De acuerdo a las investigaciones realizadas por los profesionales de AAVEA, Argentina debería crear un régimen que:
- promueva el diseño, investigación, innovación, desarrollo, producción, comercialización, reconversión y utilización de vehículos propulsados por fuentes de energía sustentables y que también promoverá partes, conjuntos y equipos auxiliares en el territorio del país
- impulsar la utilización creciente y sostenida de vehículos propulsados con fuentes de potencia no convencionales, de producción nacional
- limitar -a partir de 2041- la comercialización de vehículos con motor de combustión interna nuevos en el territorio nacional
El proyecto parte de la convicción de que "la transición a la sostenibilidad no puede ser llevada adelante por los mercados solos, sino que en todos los casos el Estado debe direccionar el proceso" y, en ese sentido, desde AAVEA, hay una demanda al Estado pata que sea "capaz de innovar, asumir riesgos, emprender e invertir junto con el sector privado".

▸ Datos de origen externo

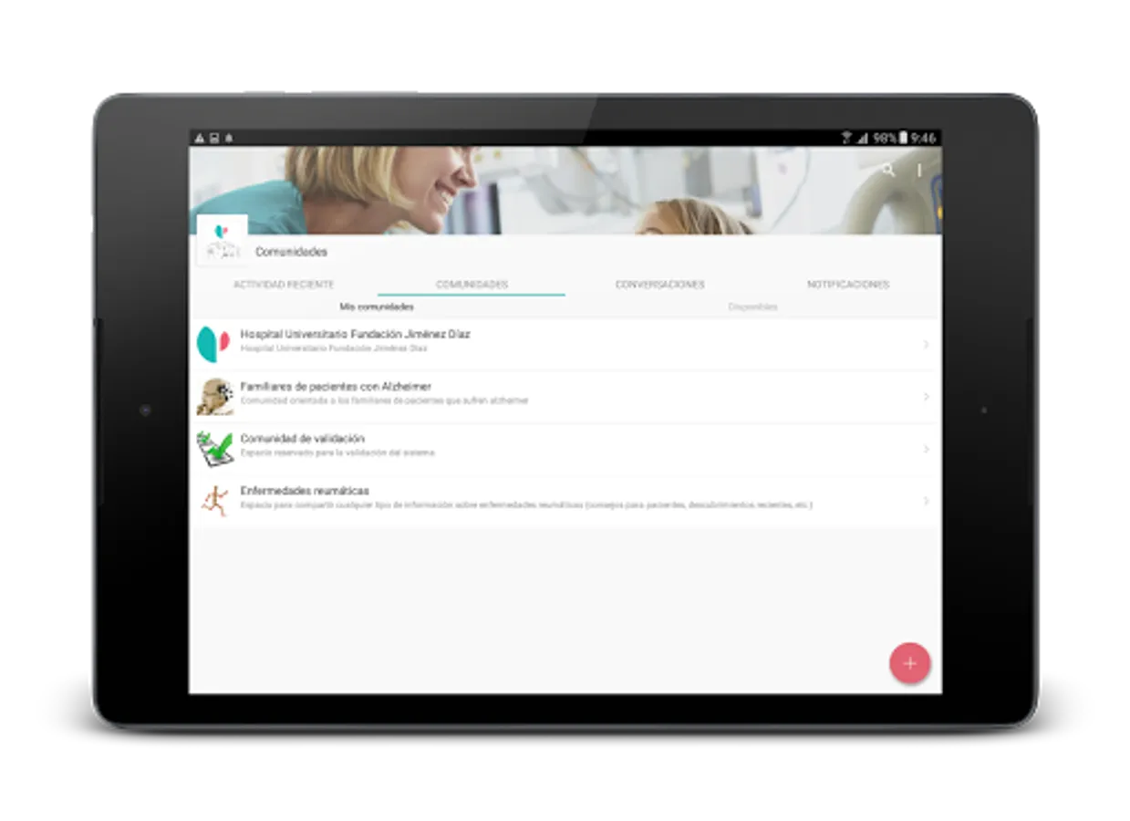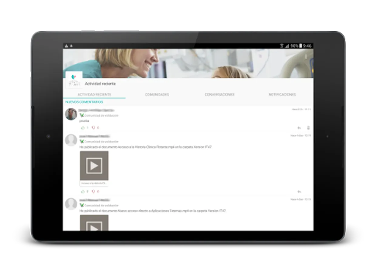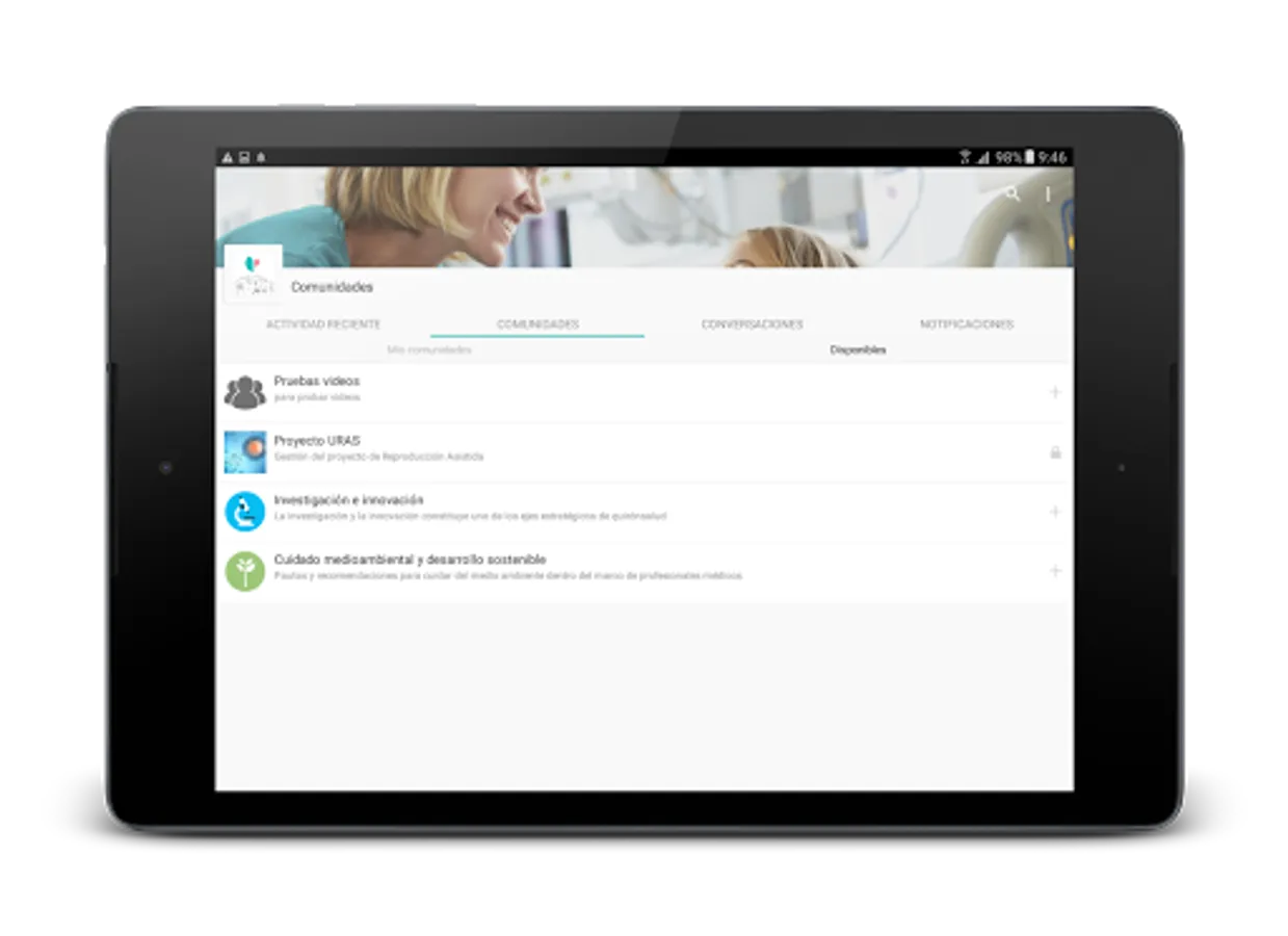 Application for professionals, to enable access to the collaboration platform Quirónsalud. This platform allows the creation of spaces where users can participate openly and leave opinions, discuss with other users and upload videos, images or documents that support the exchange of information within the different communities.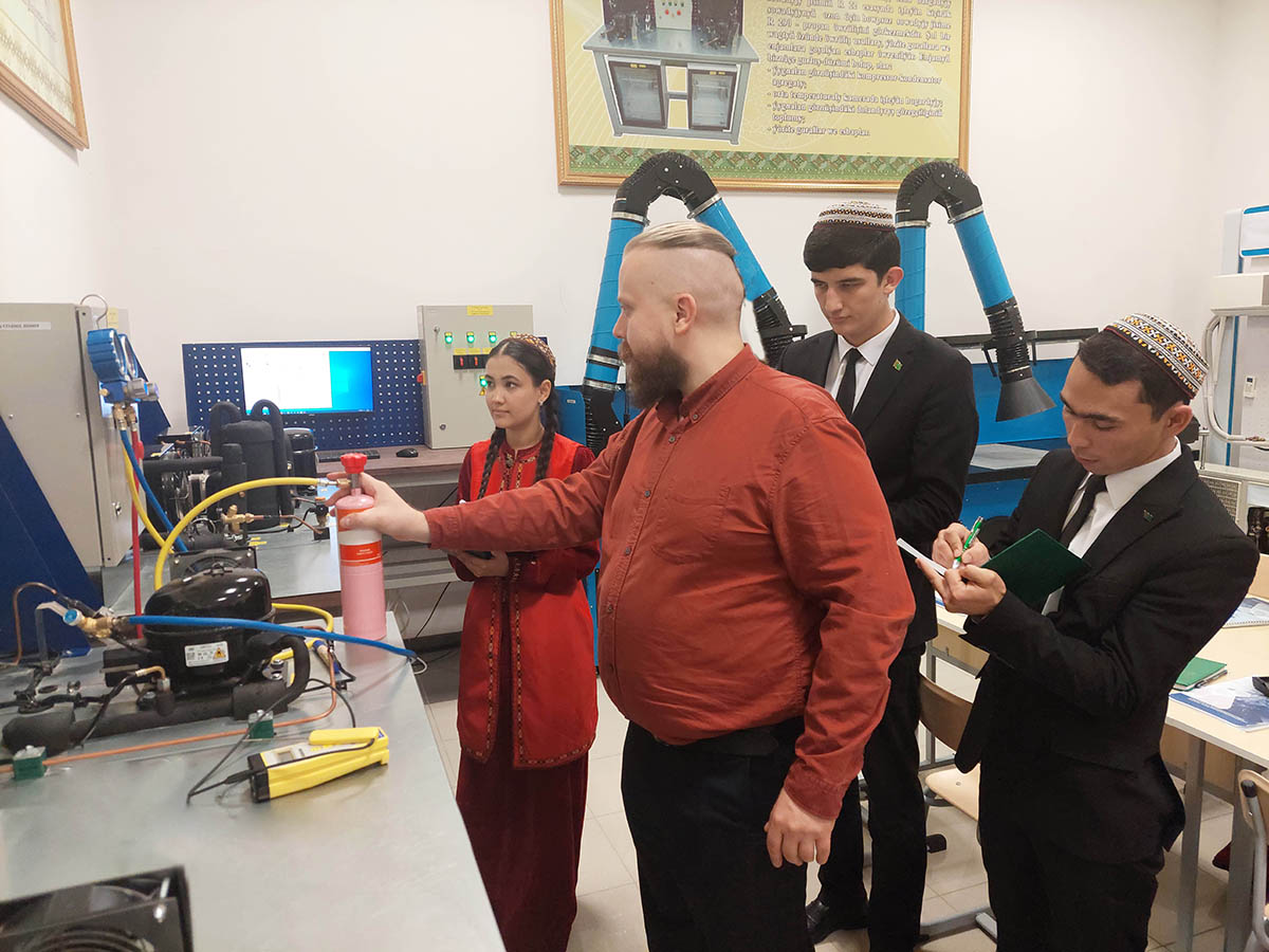 Azyk we ýangyç-energetika pudaklary üçin hünärmen taýýarlaýan ýokary okuw mekdebiň «kompressor we sowadyjy desgalar» bölüminiň talyplary we mugallymlary üçin UNIDO-nyň wekili rus hünärmeni Aleksandr Çuhçiniň gatnaşmagynda okuwlar hem amaly sapaklar geçirildi. Tebigy sowadyjy serişdeleriň, ýagny ammiakFyň, butanyň, izobutanyň, kömürturşy gazynyň, propileniň mümkinçilikleri we olary ulanmagyň howpsuzlyk düzgünleri barada-da aýdyldy.

Consumo de energía del auto eléctrico y estaciones de carga en el país
"El impacto en el consumo varía de acuerdo con la capacidad y el uso que se le dé al vehículo", sentencia Alvaro y explica que "el promedio de uso urbano es alrededor de 50 km por lo que, en líneas generales, el impacto en el consumo no es muy elevado". EL beneficio no es sólo económico sino también ambiental.
La mayoría de los usuarios de autos eléctricos carga las baterías en sus casas. Pero a veces, resulta necesario usar cargadores externos. Entonces, "diferentes empresas están trabajando en apps que integren el mapa de las diferentes estaciones de carga para promover el uso de una 'agenda' en la que el usuario reserva un espacio de tiempo y potencia", cuenta el presidente de AAVEA. "Para viajes largos, se precisa una infraestructura de carga adecuada que está creciendo en el país y que también se verá beneficiada por los avances tecnológicos que permitirán ofrecer cargadores más eficientes", concluye Alvaro.